By Patrick Kennedy, Claroty Security Evangelist
Over the past 10 years, a new form of economic warfare has emerged in which parties attack the critical infrastructure of countries with the goal creating mass disruption. The first example of this was the 2015 Ukraine power grid cyber attack where 30 substations were switched off and 230,000 people were left without electricity for one to six hours.
As one of the leading global economies, Australia is not immune to such threats. A recent report by Accenture stated that Australia’s critical infrastructure remained a “significant target” for such threats, warning that there was a high chance that malicious agents could attack Australia’s infrastructure “at any time”.
Australia operates one of the longest single electric grids in the world, and as such, our electric utilities represent a distinct target for threat actors. The growing threat has also driven a greater recognition of the need to improve cyber-defences, with the Australian Energy Market Operator (AEMO) recently stating that protection of the electricity sector against cyber-attacks is a matter of “national importance”.
Power generation plants, along with much of the world’s industrial apparatus, have become increasingly automated and connected over the past 30 years. Automated industrial control systems (ICS) now drive many key operational processes, which has delivered profound increases in operational efficiency but has also increased the attack surface of these environments.
Hackers are increasingly exploiting this newly connected terrain to conduct reconnaissance, gain remote access, and in some cases, mount attacks. It is therefore imperative that plant operators have well planned cyber security strategies in place that are spearheaded by cyber security experts.
Related article: The asset management gaps in utilities creating cybersecurity risks
Corporate IT networks have the luxury of off-hours to conduct system maintenance and patch vulnerabilities.
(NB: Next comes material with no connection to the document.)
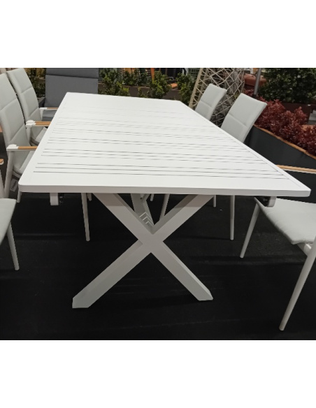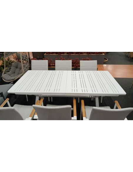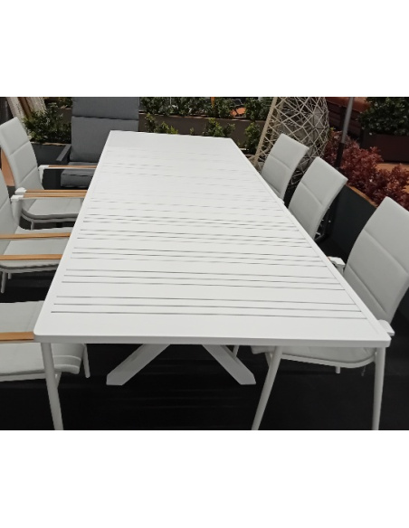 Tavolo da giardino realizzato interamente in alluminio verniciato a polveri colore bianco, estensibile con allungo automatico, disponibile anche nel colore antracite.

On the other hand, power generation plants operate around the clock, which can mean the simple task of rebooting a workstation to update its software can bring operations to a costly or even dangerous halt.
Further complicating vulnerability management for these companies is the 25-year (or more) lifecycle of most operational technology (OT) assets, which often run proprietary applications supported by legacy operating systems. Many of these systems were never designed to be patched, leaving them exposed. Upgrading this expensive hardware and software can be cost prohibitive for most organisations but vulnerabilities are of little consequence in the absence of credible threats. Unfortunately, the last several years have borne witness to a marked increase in the rise of capable and willing attackers.
Malware, ransomware and the persistent threat
In some instances, malware threats are purpose-built to specifically target OT environments. Recent examples in the energy sector include the successful attack on three Ukrainian energy distribution companies and recent attempts to infiltrate the US power grid. These are generally believed to be the result of attempts to shut down the critical infrastructure, or establish persistence within the network as a base to initiate some future malicious activity.
More frequently the risk comes from “spill-over” between the IT and OT networks. Ransomware attacks such as WannaCry and NotPetya initially penetrated dozens of industrial sites through the IT network but subsequently jumped the gap to the OT network, causing massive outages and costing operators hundreds of millions of dollars in downtime and lost revenue. Most of the incidents that have affected OT operations in Australia to-date fall into this category.
Related article: Why effective cyber protection needs to start from the top
Expanding attack surface
The pool of actors capable of disrupting industrial infrastructure has ballooned. In addition to falling barriers to entry, the OT attack surface is expanding at an exponential pace. As more and more networked OT assets and other IoT devices populate power plants, attackers are leveraging this newly connected terrain to access previously hardened targets. This attack surface extends far beyond the confines of a single OT network – it is often globally dispersed and rife with multi-party interfaces. Each of these connections constitute new, unmonitored threat vectors that are ripe for exploitation.
Third-party management and support in OT networks are in some cases a necessity and require access to support equipment. In doing so, power plants are trusting that their partners follow stringent cyber security controls and practises that they enforce. Many security breaches have been conducted through these types of third-party vendors who prove to be the weakest link in the chain.
You can’t protect what you can’t see
OT attacks on power generation plants can result in blackouts, disrupting the everyday lives of citizens, causing reputational damage to power suppliers. The length of time it may take to restore full generation capacity and repair the damaged equipment could lead to months of reduced capacity and load on other areas of the grid.
Power generation plants must understand the normal behaviour of each OT asset and gain visibility of their assets and environment to make informed decisions about controls and defences. Installing the right visibility software and security analytics, in addition to having a designated cyber security expert in charge of assets will enable power generation plants to detect threats and protect their devices and processes.